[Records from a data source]
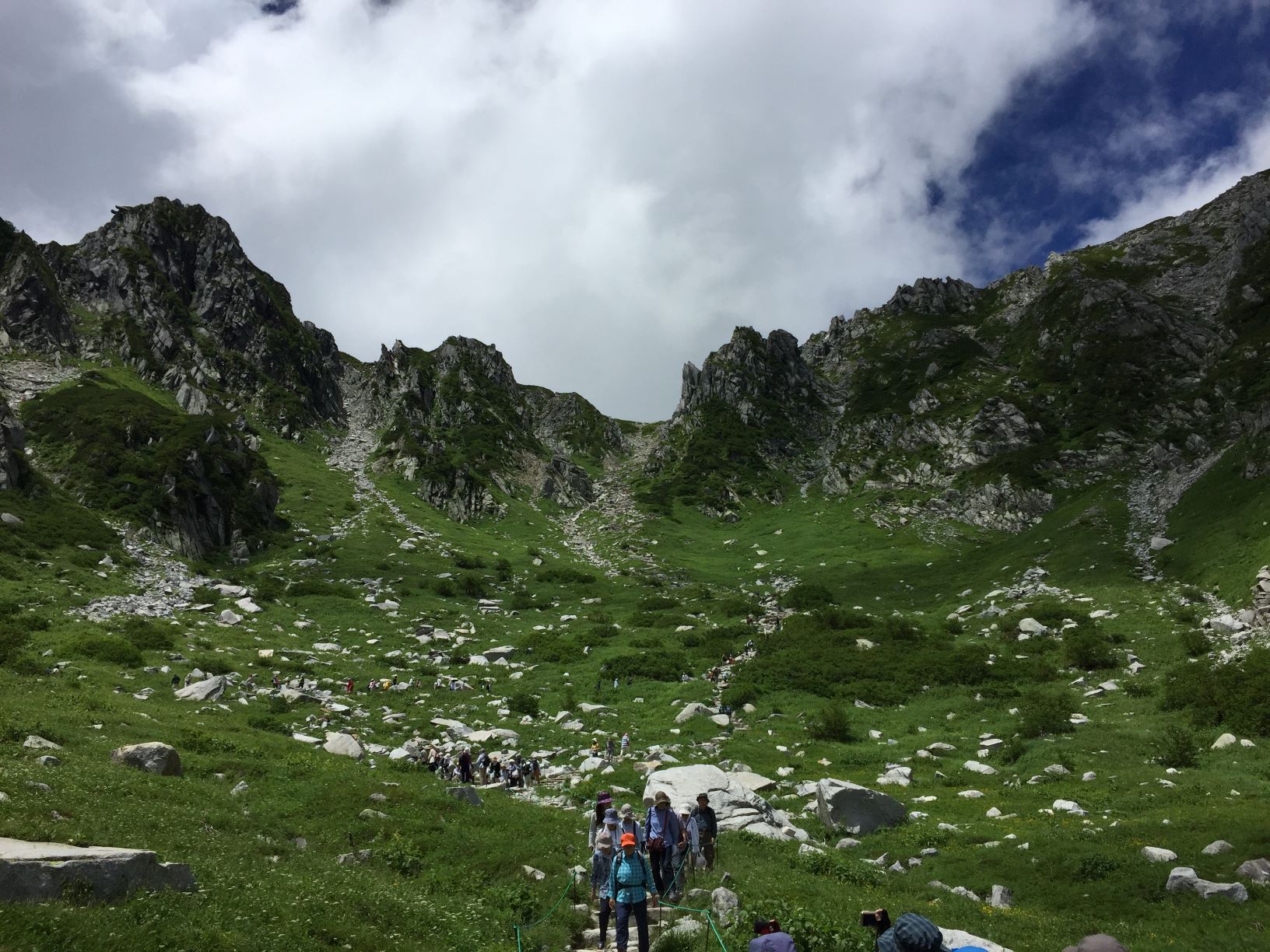 千畳敷駅에 내려 밖으로 나가면 시원한 공기가 맞아 준다. 아래쪽은 30도가 훌쩍 넘는 무더운 여름이지만 여기는 18도에 습도는 59% 가장 상쾌한 날씨이다. 앞 쪽에는 전에 사진으로만 보았던 그 모습, 빙하의 침식으로 인해 빚어진 멋진 암벽과 푸르름의 조화. 그 모습을 드디어 두 눈으로 보게 된 것이다. 우리나라에도 바위산이 많지만, 일반적인 바위산과는 다른 신비로운 모습이다. 한참을 지켜보고 난 후 아이들과 함께 사진을 찍으며 경치를 즐겼다.
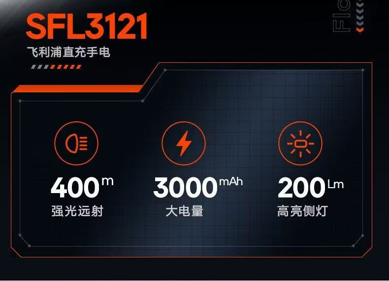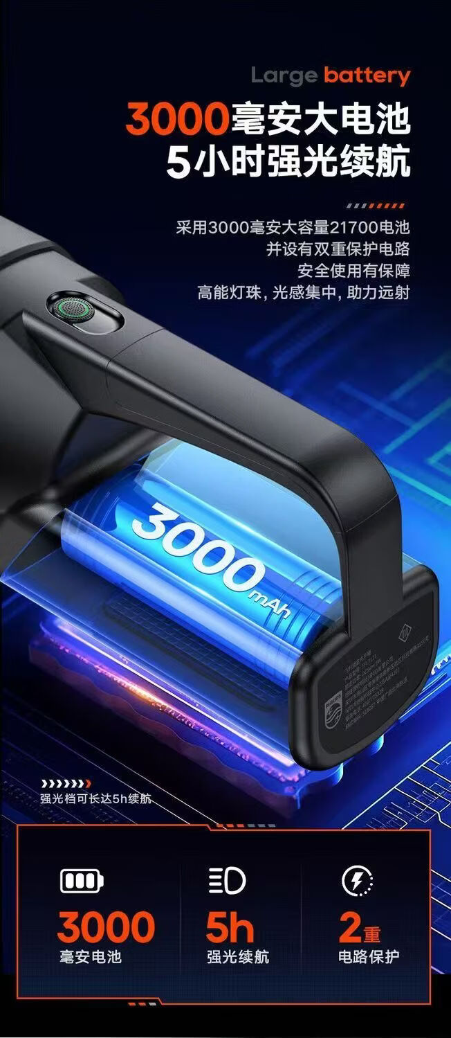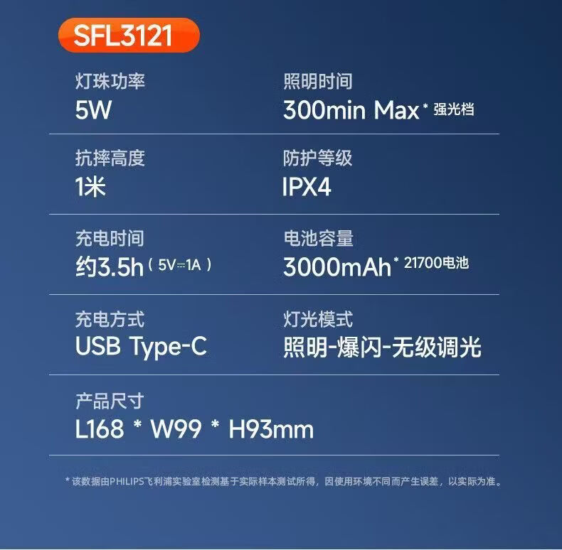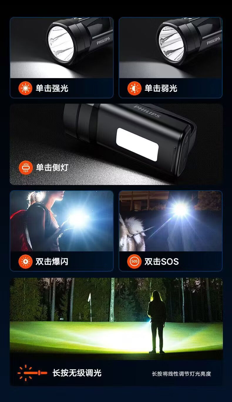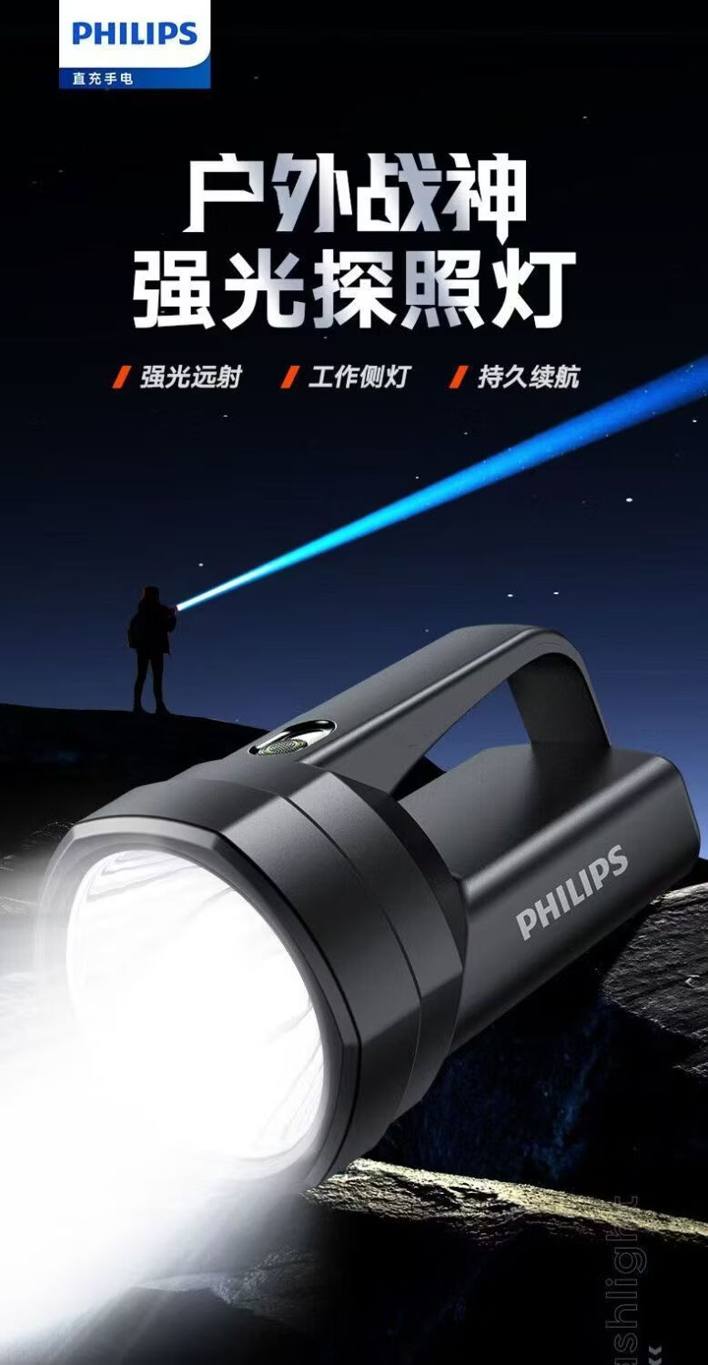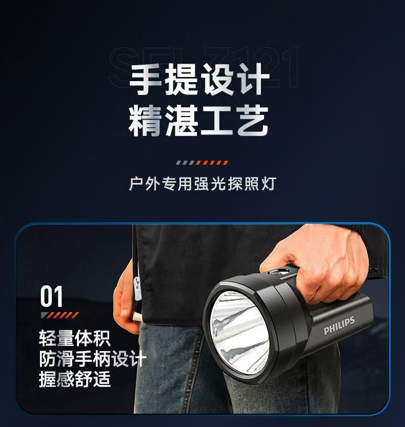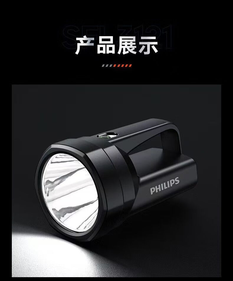 飞利浦(PHILIPS)手电筒强光户外长续航高远射手提探照灯应急灯SFL3121 5W/3000毫安/SFL3121
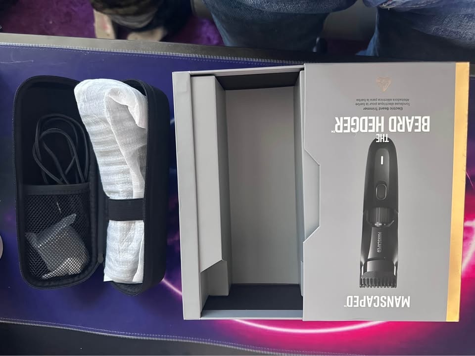 Brand new with box. This is a precision beard trimmer. Comes with an AC adapter, USB-C cable, length-setting comb attachment, and a hard-shell, water-resistant travel case. Cordless for precision facial hair grooming.
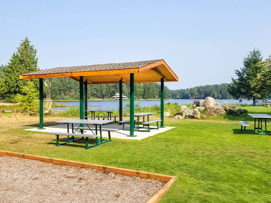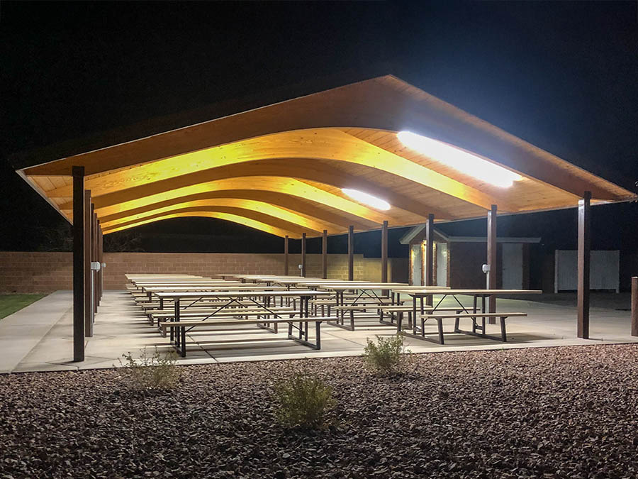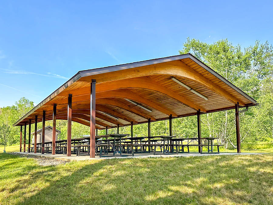 Our glulam pavilions are a beautiful and durable solution for campgrounds, parks, event spaces, and other outdoor gathering areas. Built with high strength glue laminated beams, our glulam pavilions are available in a wide range of finishes, sizes, and structural designs. Each pavilion is made to order and fully customizable to meet your site’s exact needs. As the manufacturer, we provide full design flexibility and in house production. Every glulam pavilion package includes everything from anchor bolts to roofing and electrical components, along with stamped engineering drawings for your project.
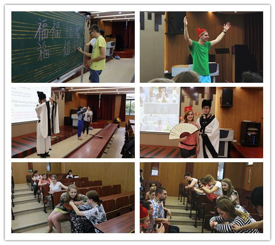 中国文化课程的第四天为教育文化主题,赶巧的是,超强威力台风“灿鸿”正逼近宁波,此时的理工校园大风已起,雨势明显增大,而这恶劣的天气却没能阻断波兰员工们追寻中国文化的脚步,带队老师和同学们准时来到了教室,期待感受另一场中国文化的盛宴。 本次课程是由英国威廉集团官网程燕华老师向来自波兰的同学们展示了中国教育文化的全貌。她以文字的解说,配以贴切的图片及仿真教学道具的辅助,带领大家穿越至两千五百多年前的孔夫子时期,“私塾”,“作揖”,“科举”及“八股文”这些中国传统教育特有的关键词很快就吸引了波兰员工的眼球。课间,这些金发碧眼的老员工们就迫不及待地戴上了状元帽,着孔子服,摆作揖的姿势,“咔擦”,“咔擦”,留下中国文化体验课的纪念后美滋滋地回到座位。现代教育的介绍让波兰员工产生了共鸣,表示波兰也有类似的教育体系和考试选拔制度,中国的“高考”吸进了不少员工加入到提问互动环节,大部分员工诧异于中国式教育的“虎妈狼爸”,个别员工则希望体验中国“棍棒底下出孝子”的教育理念。 互动游戏“论语传话”将课堂氛围推向了高潮,程老师将全体参与者分成六组,让员工志愿者将孔夫子的教育名言,如“学而不思则罔”,“三人行,可以为师矣”等,小声念给每组的第一位员工,由他们分别负责传给自己的组员,最后一名员工将大声将他所听到的告诉全班同学。明白了游戏规则后,波兰员工和老师表现了极大的参与热情,迅速坐成六列纵队,一些还士气高涨地喊着刚学的中文“状元”,“状元”。但对于第一次来中国只会说“你好”,“谢谢”,“再见”的波兰员工来说,传诵论语,并非易事,他们听到论语时近乎抓狂的表情,极力想要传达的认真样,令人忍俊不禁。波兰版的论语自然惨不忍听,面目全非,却有个别组表现超凡,能大致说出“工欲善其事,必先利其器”的前半句,令在场的同学和老师甚是佩服。最后,程老师宣布了表现较好的前三组,给他们送上了论语名句中英版的中国风书签,表现欠佳的三组则应起立向胜利者作揖表示佩服。胜利者纷纷抢带状元帽,高举战利品,各种自拍和互拍;作揖者牢记了动作要领,像模像样拱手作揖。在一片喜悦,欢愉和掌声中,本次文化交流课顺利结束。 吟着孔夫子的名言,夹着中国风的论语书签,波兰员工可能似懂非懂,但我们相信这场文化体验课能点燃他们兴趣的火花,逐渐感悟中国文化的精髓。我们也深信,阳明学堂的进一步发展壮大会吸引更多的教师和员工志愿者来体验这个美好的文化交流历程。

§ **Exercise prompt**: Return the data word for word without its pictures.

§ **Problem solution**:
 千畳敷駅에 내려 밖으로 나가면 시원한 공기가 맞아 준다. 아래쪽은 30도가 훌쩍 넘는 무더운 여름이지만 여기는 18도에 습도는 59% 가장 상쾌한 날씨이다. 앞 쪽에는 전에 사진으로만 보았던 그 모습, 빙하의 침식으로 인해 빚어진 멋진 암벽과 푸르름의 조화. 그 모습을 드디어 두 눈으로 보게 된 것이다. 우리나라에도 바위산이 많지만, 일반적인 바위산과는 다른 신비로운 모습이다. 한참을 지켜보고 난 후 아이들과 함께 사진을 찍으며 경치를 즐겼다.
 飞利浦(PHILIPS)手电筒强光户外长续航高远射手提探照灯应急灯SFL3121 5W/3000毫安/SFL3121
 Brand new with box. This is a precision beard trimmer. Comes with an AC adapter, USB-C cable, length-setting comb attachment, and a hard-shell, water-resistant travel case. Cordless for precision facial hair grooming.
 Our glulam pavilions are a beautiful and durable solution for campgrounds, parks, event spaces, and other outdoor gathering areas. Built with high strength glue laminated beams, our glulam pavilions are available in a wide range of finishes, sizes, and structural designs. Each pavilion is made to order and fully customizable to meet your site’s exact needs. As the manufacturer, we provide full design flexibility and in house production. Every glulam pavilion package includes everything from anchor bolts to roofing and electrical components, along with stamped engineering drawings for your project.
 中国文化课程的第四天为教育文化主题,赶巧的是,超强威力台风“灿鸿”正逼近宁波,此时的理工校园大风已起,雨势明显增大,而这恶劣的天气却没能阻断波兰员工们追寻中国文化的脚步,带队老师和同学们准时来到了教室,期待感受另一场中国文化的盛宴。 本次课程是由英国威廉集团官网程燕华老师向来自波兰的同学们展示了中国教育文化的全貌。她以文字的解说,配以贴切的图片及仿真教学道具的辅助,带领大家穿越至两千五百多年前的孔夫子时期,“私塾”,“作揖”,“科举”及“八股文”这些中国传统教育特有的关键词很快就吸引了波兰员工的眼球。课间,这些金发碧眼的老员工们就迫不及待地戴上了状元帽,着孔子服,摆作揖的姿势,“咔擦”,“咔擦”,留下中国文化体验课的纪念后美滋滋地回到座位。现代教育的介绍让波兰员工产生了共鸣,表示波兰也有类似的教育体系和考试选拔制度,中国的“高考”吸进了不少员工加入到提问互动环节,大部分员工诧异于中国式教育的“虎妈狼爸”,个别员工则希望体验中国“棍棒底下出孝子”的教育理念。 互动游戏“论语传话”将课堂氛围推向了高潮,程老师将全体参与者分成六组,让员工志愿者将孔夫子的教育名言,如“学而不思则罔”,“三人行,可以为师矣”等,小声念给每组的第一位员工,由他们分别负责传给自己的组员,最后一名员工将大声将他所听到的告诉全班同学。明白了游戏规则后,波兰员工和老师表现了极大的参与热情,迅速坐成六列纵队,一些还士气高涨地喊着刚学的中文“状元”,“状元”。但对于第一次来中国只会说“你好”,“谢谢”,“再见”的波兰员工来说,传诵论语,并非易事,他们听到论语时近乎抓狂的表情,极力想要传达的认真样,令人忍俊不禁。波兰版的论语自然惨不忍听,面目全非,却有个别组表现超凡,能大致说出“工欲善其事,必先利其器”的前半句,令在场的同学和老师甚是佩服。最后,程老师宣布了表现较好的前三组,给他们送上了论语名句中英版的中国风书签,表现欠佳的三组则应起立向胜利者作揖表示佩服。胜利者纷纷抢带状元帽,高举战利品,各种自拍和互拍;作揖者牢记了动作要领,像模像样拱手作揖。在一片喜悦,欢愉和掌声中,本次文化交流课顺利结束。 吟着孔夫子的名言,夹着中国风的论语书签,波兰员工可能似懂非懂,但我们相信这场文化体验课能点燃他们兴趣的火花,逐渐感悟中国文化的精髓。我们也深信,阳明学堂的进一步发展壮大会吸引更多的教师和员工志愿者来体验这个美好的文化交流历程。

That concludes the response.